When requesting any of the above services through correspondence, you are more likely to be successful if your letter is brief and very specific. Enclose a self-addressed stamped envelope (SASE). You will usually need to send a check or money order to pay in advance for photocopy or search services, although some organizations will bill you later.
Suggestions for Searching the Records. Your research may be more rewarding and more effective if you can visit the library or archives and personally search the records. Examine the original sources. or exact microform copies when possible, rather than abstracts (summaries of the original documents).
As you search the records, remember that handwriting may have been misinterpreted or information may have been omitted in indexes and transcriptions. Also look for the many ways a name could have been spelled. Because spelling was not standardized, don't eliminate possibilities when you find a name spelled differently than it is today.
Step 5. Evaluate, Copy, and Use the Information
Carefully evaluate whether the information you find is complete and accurate. Ask yourself these questions:
* Who provided the information? Did they witness the event? * Was the information recorded near the time of the event, or later? * Is the information consistent and logical? * Does the new information verify the information found in other sources? Does it differ from information in other sources? * Does it suggest other places, time periods, or records to search?
Make copies of the information you find and keep detailed notes about each record you search. These notes should include the author, title, location, call numbers, description, and results of your search. Most researchers use a research log for this purpose.
Share the information you find with others. Your family's history can become a source of enjoyment and education for yourself and your family. Helpful guides on how to write a family history are available, such as:
Gouldrup, Lawrence P. Writing the Family Narrative. Salt Lake City: Ancestry, 1987. (FHL book 929.1 G738w; computer number 468329.)

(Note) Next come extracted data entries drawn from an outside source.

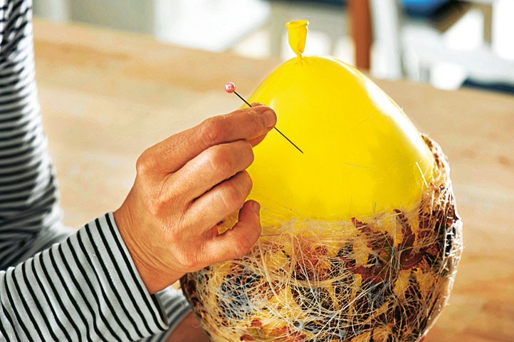 Для работы потребуется: •воздушный шар •сизаль (волокно) •сухие листья •клей ПВА •маленькие кусочки бумаги •кисть и иголка
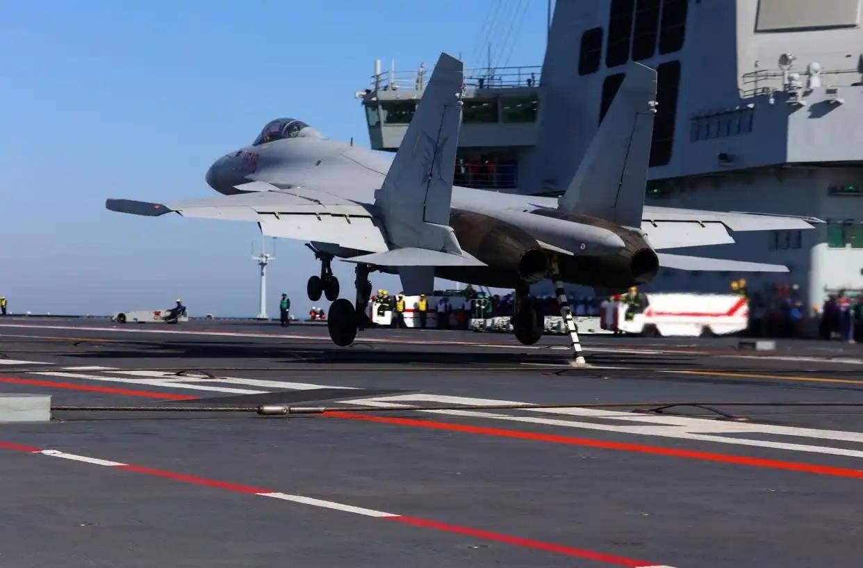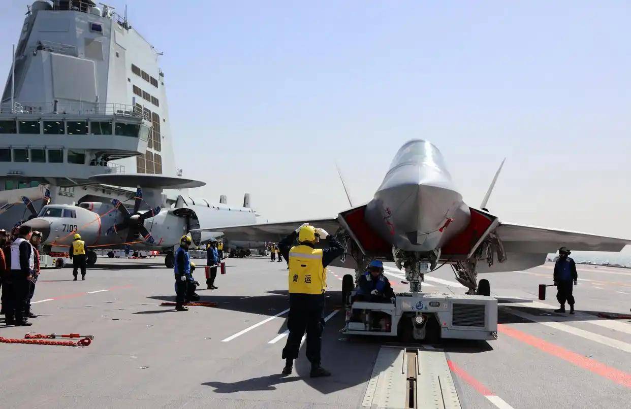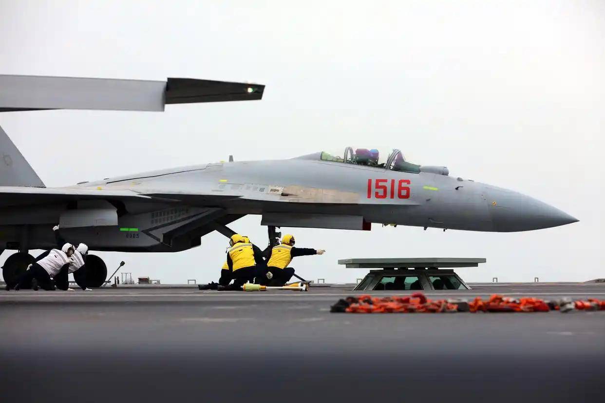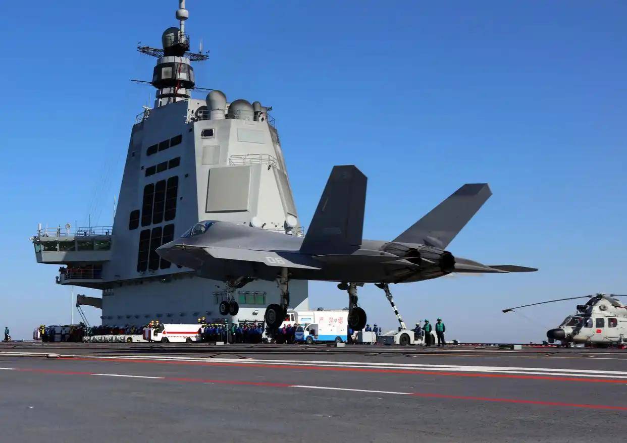 歼-35舰载战斗机在海军福建舰开展触舰复飞训练。李唐 摄
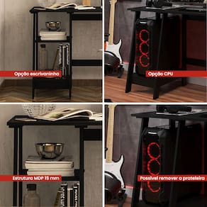 Ideal para otimizar seu espaço com design contemporâneo, esta Mesa Escrivaninha Gamer oferece uma prateleira removível que pode ser ajustada ou retirada para acomodar equipamentos maiores ou criar um espaço mais amplo para suas atividades. Produzida em MDP, esta peça combina durabilidade e estilo, proporcionando um ambiente sofisticado e prático. A escolha perfeita para maximizar seu desempenho. Este móvel chegará em sua casa separado em 01 volume.
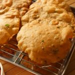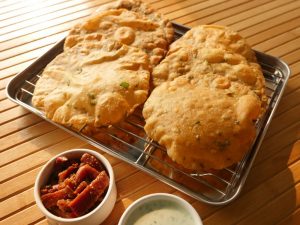 In wok,heat cooking oil and fry puri on medium low flame until golden brown.
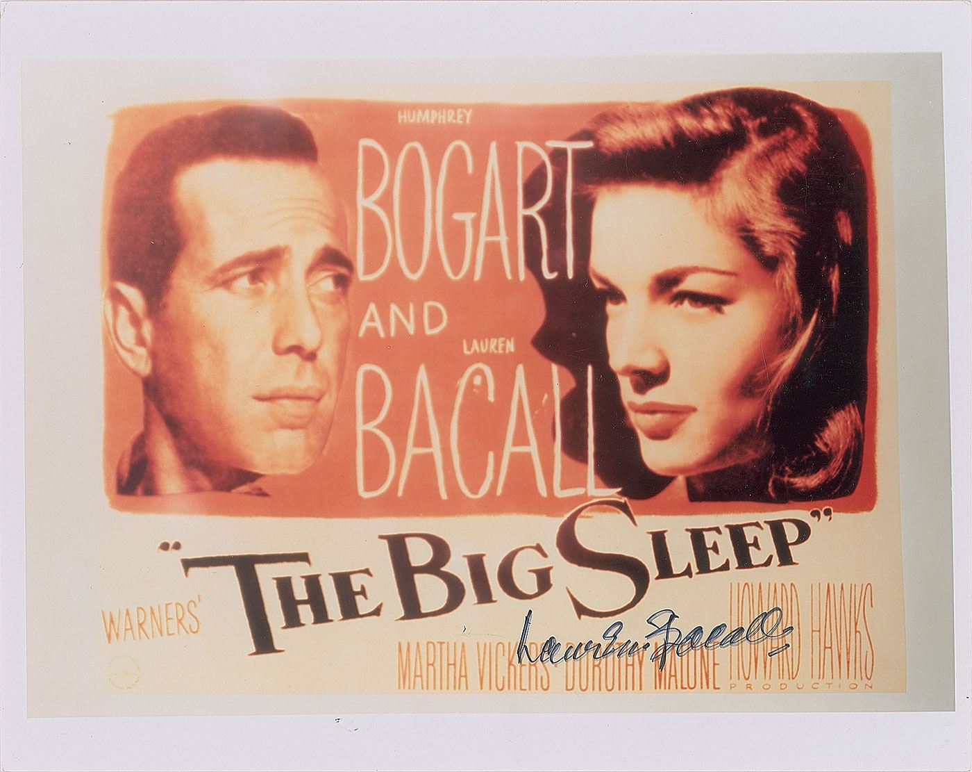 Color glossy 10 x 8 photo of a poster for the classic film The Big Sleep, signed in black felt tip by Bacall. In fine condition.
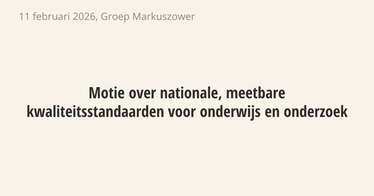 Motie van het lid Claassen over nationale, meetbare kwaliteitsstandaarden voor onderwijs en onderzoek
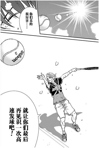 不二的进化就到此为止啦吗,NONONO,不二的进化更吓人,请看正式的U17比赛,对阵澳大利亚队,仍旧是双打比赛,对手拥有超快速发球,超光速粒子发球,这是一招完全无法回击的发球,球的轨迹肉眼不可见,澳大利亚的超快速进攻令日本队实在是难以抵抗,所幸不二周助的进化没有停止,看看不二周助是怎么破解这强力的发球吧。
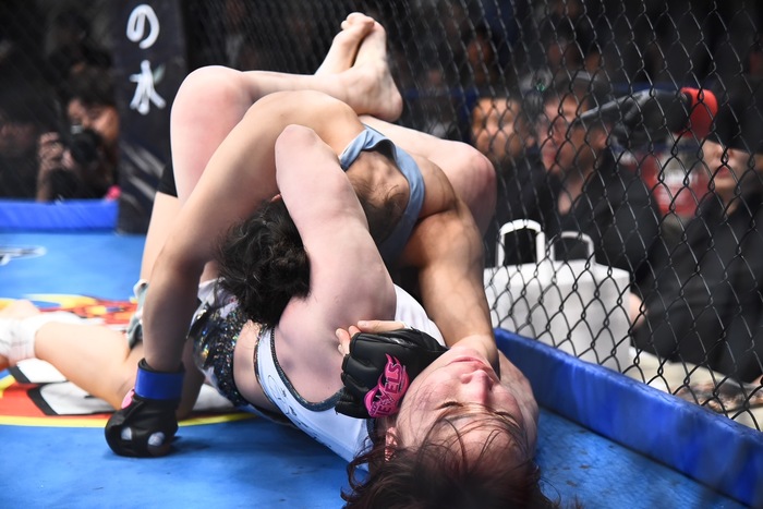 サイド奪うイェジはマウントに移行。大島は腰を押して足を戻すが、スイープは出来ず。フルガードの大島に左足をパスするイェジは左のパウンド! 大島は背中を着かされたままゴングを聞いた。判定は29-28×3でイェジが勝利。
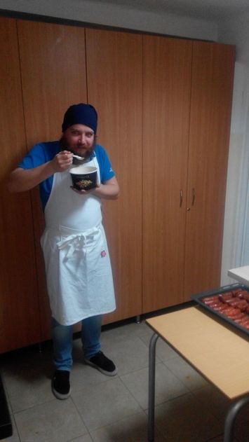 Aceasta prima zi de post a coincis cu masa calda saptamanala, pe care o oferim oamenilor gazduiti temporar la Centrul din str. Oasului; asa ca insotiti de prietenii nostri de la Compania Emerson, tineri cu suflet mare si frumos, care au si sustinut financiar costul mesei din aceasta seara, ne-am apucat din nou de bucatarit! Meniul zilei, ciorba de praz, care a fost un adevarat deliciu :) si piure de cartofi cu carnati la cuptor. Ca intotdeauna, o masa bogata, buna si gustoasa, savurata pana la ultima portie, spre marea noastra bucurie si satisfactie sufleteasca... Suntem chemati in acest zile sa atingem si sa contemplam ranile lui Isus, sa punem mana pe un bolnav, pe un sarac, pe un muribund, pe un orfan, pe un batran, ori pe un tanar deznadajduit si ratacit, sa stergem o lacrima a celui ce plange, sa pansam o rana si sa lasam pe umar un cap sa se plece si sa-si spuna of-ul...numai asa vom putea simti si atinge cu adevarat ranile Celui ce, cu o iubire nemarginita nu a ezitat sa-si daruiasca viata pentru prieteni, pentru frati, pentru slujitori, pentru stapani, pentru mici si mari, pentru lumea intreaga, pentru noi toti !

See the “Genealogy” section of this article for information about the Ancestral File and other ways you can share the results of your research.
You do not have to use computers to do family history, but they can be very helpful. Personal Ancestral File and similar software programs help you transcribe, organize, display, print, and transmit your findings to other researchers who use personal computers.
If you are a member of The Church of Jesus Christ of Latter-day Saints, be sure to submit information about your deceased family members so you can provide temple ordinances for them. Your ward family history consultant or a staff member at the library can assist you.